WHAT IS BEING ASKED:
All the data that follows should be repeated exactly, without a single picture.

SUPPLIED DATA:
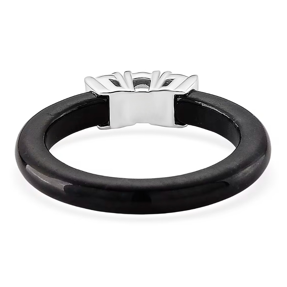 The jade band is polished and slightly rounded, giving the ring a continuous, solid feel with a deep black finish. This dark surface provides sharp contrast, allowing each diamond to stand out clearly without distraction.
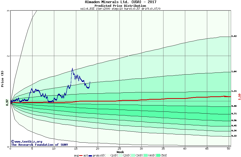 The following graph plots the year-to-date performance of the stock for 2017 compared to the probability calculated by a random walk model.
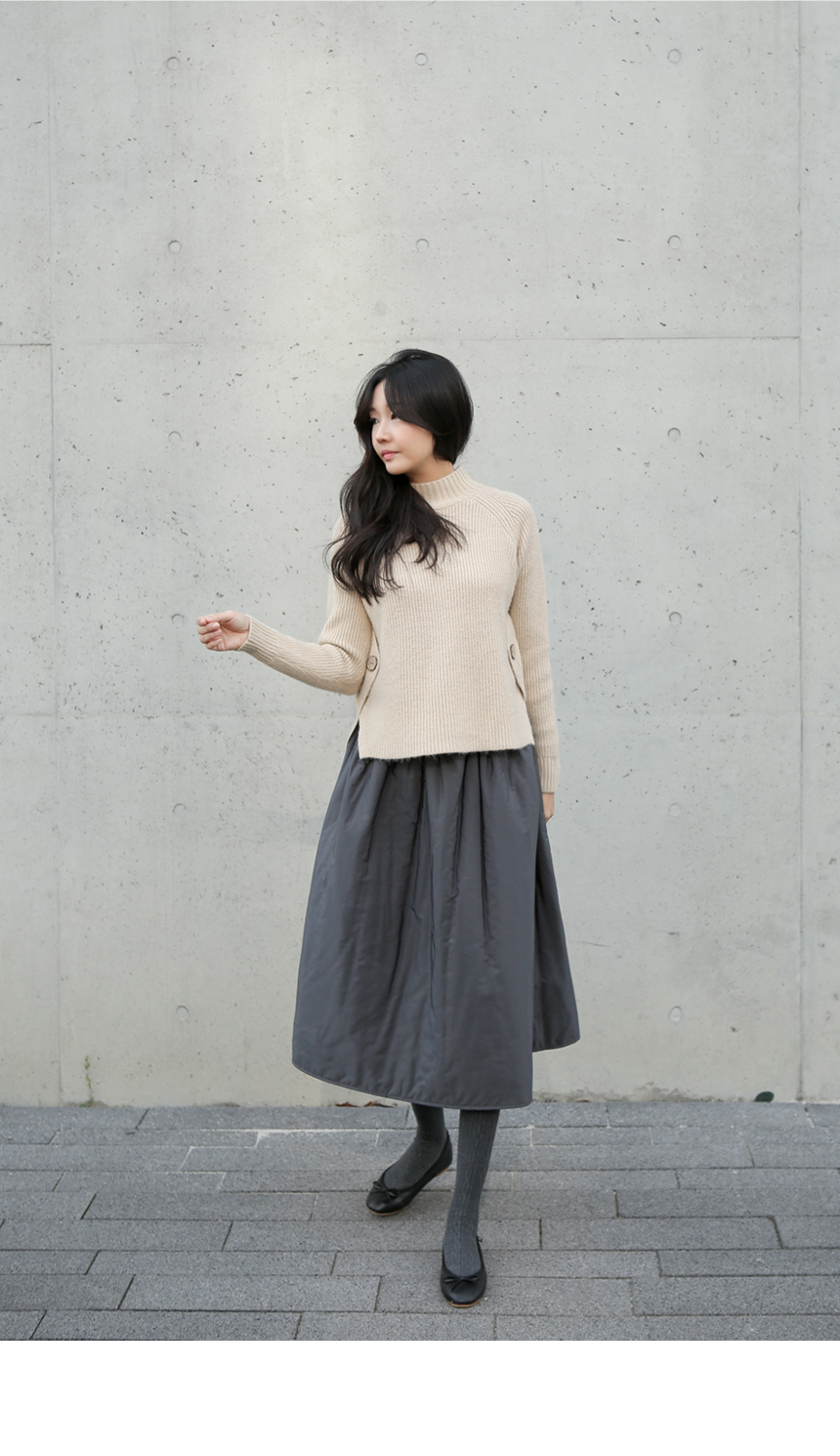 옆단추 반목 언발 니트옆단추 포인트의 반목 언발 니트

YOUR SOLUTION:
 The jade band is polished and slightly rounded, giving the ring a continuous, solid feel with a deep black finish. This dark surface provides sharp contrast, allowing each diamond to stand out clearly without distraction.
 The following graph plots the year-to-date performance of the stock for 2017 compared to the probability calculated by a random walk model.
 옆단추 반목 언발 니트옆단추 포인트의 반목 언발 니트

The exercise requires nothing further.